Parquet Native Batch Ingestion is Too Slow (Druid 0.18.0)

Hi All,

I already asked the same questions in this thread but my configuration evolved so much that I now have a different cluster tuning.

Also, most of the Druid parquet problems I found on the net were asked years ago.

The Basic Cluster tuning page doesn’t help me much either since it arbitrarily gives you some values to set without explaining what it does.

Apologies in advance if this is considered as spam.

The Problem:

It seems that when ingesting parquet files stored in S3 using index_parallel Native Batch Ingestion, it is quite slow.

Details:

  • I want to ingest 8k+ parquet files, totaling to around 1.5 Billion rows

  • I want to segment this by DAY and each day might have a million rows due to 7-8 high-cardinality dimensions

  • Some of the single_phase_sub_task fails due to GC overhead limit or it has exceeded its direct memory

  • For successful single_phase_sub_task, it takes 2 hours to finish but only ingesting 24-30 parquet files as per payload
    My Cluster Setup:

  • 3x c3.8xlarge spot instances as MiddleManager/Historical nodes

  • 1x r5.4xlarge as the Router, Coordinator, Broker node
    Some insights from the previous thread:

  • I initially configured the MM/Historical nodes to have a 3-worker capacity; but looking at the indexer fork JVM properties, I allocated too much heap and direct memory which forced me to set it at 3

  • It was noted that there is a potential 15 workers per MM node; But this is not feasible due to the heap size and direct memory required to be able for a single_phase_sub_task to finish successfully
    My Current Indexer configuration:

druid_indexer_runner_javaOptsArray=["-server", “-Xmx1g”, “-Xms1g”, “-XX:MaxDirectMemorySize=4g”, “-Duser.timezone=UTC”, “-Dfile.encoding=UTF-8”, “-Djava.util.logging.manager=org.apache.logging.log4j.jul.LogManager”]

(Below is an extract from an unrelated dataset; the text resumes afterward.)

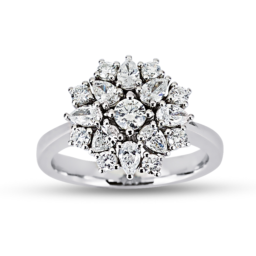Formvollendet schön – dieser MEINSCHMUCK Goldring aus 585er Weißgold geziert mit Brillanten in Blumenform. Der funkelnder Eyecatcher ist der Blumenform-Ringkopf, er wird von Brillanten (ca. 1,06 ct.) im Tropfen- und Brillantschliff geziert. Dieser raffinierte Kontrast wird bewundernde Blicke magisch anziehen. Die hochwertigen Materialien und die präzise Verarbeitung sorgen dafür, dass Sie lange Freude an diesem Ring haben werden. Die schmale Ringschiene sorgt für ein angenehmes Tragegefühl. Dieser wunderschöne Brillantring eignet sich auch wunderbar als Geschenk!

druid_indexer_fork_property_druid_processing_buffer_sizeBytes=100000000

druid_indexer_fork_property_druid_processing_numMergeBuffers=2

druid_indexer_fork_property_druid_processing_numThreads=1

druid_worker_capacity=9

``

You can see that I increased the direct memory to 4GB, but I am still encountering GC overhead limit errors given this setup. The reason why I set the worker capacity to 9 since each worker was allowed 5GB (1GB heap size + 4GB Direct Memory) to spend and I can only allot 45GB out of the 60GB RAM per node.

My Questions:

  • Are there TuningConfig, PartitionConfig that I should tweak?
  • How can I speed up the ingestion process? The setup above allows each worker to produce 600 row segment before spilling to disk (due to 1/6 of 100MB)
  • Is my cluster still too small for the data I want to ingest?
    I would really appreciate detailed answers and would explain to me how each JVM config does (I am not really familiar with how JVM works).

I already spent countless hours reading the configuration reference and basic cluster tuning page to no avail.

Sorry for demanding too much but I already spent hours in trial and error just to make the cluster working for our use case.

Update:

After spending countless hours trying to ingest Parquet datasets, I gave up and just regenerated the data in CSV output.

It now works fine with ~30mins spent for each sub phase task.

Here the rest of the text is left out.